Of course I needed something to extract the sentiment from each narrative.

Using R’s syuzhet package, not only could I break each story down sentence by sentence, but I could use the package’s get_sentiment function to quantify positive and negative sentiments found in the text. I went with the default method for the function, which according to the documentation is a custom sentiment dictionary developed in the Nebraska Literary Lab that “should be better tuned to fiction” as it was based on sentences from a small corpus of contemporary novels.

The final step was breaking the sentiment values into equal bins, since I would be comparing 100 stories of unequal length. I used the package’s get_percentage_values function with the option of 10 bins.

The Results

In Figure 1, you see all the 100 stories on a single plot, with Narrative Time (broken into 10 bins) on the x-axis and “emotional valence”” on the y-axis – “emotional valence” being a positive or negative value related to feeling created by the text. Essentially, a positive number means a positive feeling, negative number means a negative feeling.

It’s messy and beautiful in a crazy way, but it doesn’t tell us anything.

Fig. 1

data-stories-fig-1

Using R’s dplyr package I was able to group the stories by Narrative Time and find the average sentiment for each bin. Figure 2 is basically Figure 1 with the average plotted.

Fig. 2

data-stories-fig-2

From here, it looks like the average emotional value for each bin creates almost a flat line, but it’s important to remember scale. With Figure 3, which removes all the stories, a familiar shape emerges – a narrative arc. It might not look entirely right, but if you stand on your head, you’ll see it.

Fig. 3

data-stories-fig-3

The classic narrative structure is broken into three acts: Setup, Conflict and Resolution. In Act I, we get a sense of setting and our characters. Our antagonist is also introduced, leading to Act II: conflict. In the plot above you see the sentiment dip closer to 0, meaning the positive feeling decreases. But with Act III, we reach the story’s resolution and a return to a higher positive value.

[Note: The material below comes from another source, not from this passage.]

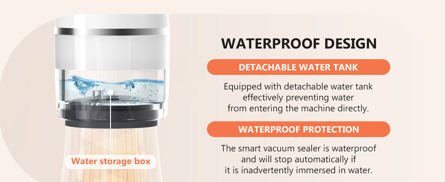 - 💦 WATERPROOF DESIGN -Vacuum Sealer Equipped with a visual removable water tank, when the water level crosses the maximum water level line, remove the tank to pour out the water and continue to use. The Vacuum Sealer is also equipped with intelligent protection measures, if the Vacuum Sealer enters water it will automatically stop to avoid mechanical failure. Recommended to use the vacuum machine several times when using food with liquid.

It’s not perfect. You could shift the lines marking the acts around. In a story as short as a fairy tale, the first act can be one or two sentences, such as “Once upon a time, in a far-off kingdom, there was a peasant who fell in love with a princess.”

What Can We Learn From This?

People have different reactions to different types of stories. In fairy tales, we expect a happy ending. In horror stories, not so much. The story you model your messaging on depends on the kind of response you want from the readers. In a message where you are trying to depict overcoming a struggle (usually fundraising), you would want to analyze stories about struggles. Is there an emotional arc?

Another thing to note is that stories can be all over the place. Look back at Fig. 1 and you can see the large variation in emotional valence. That’s because I picked a bunch of random stories (and in case you didn’t know, some Grimm’s Fairy tales are messed up). Look at stories you consider to be successful.

You don’t even need to know how to write an R script to do this.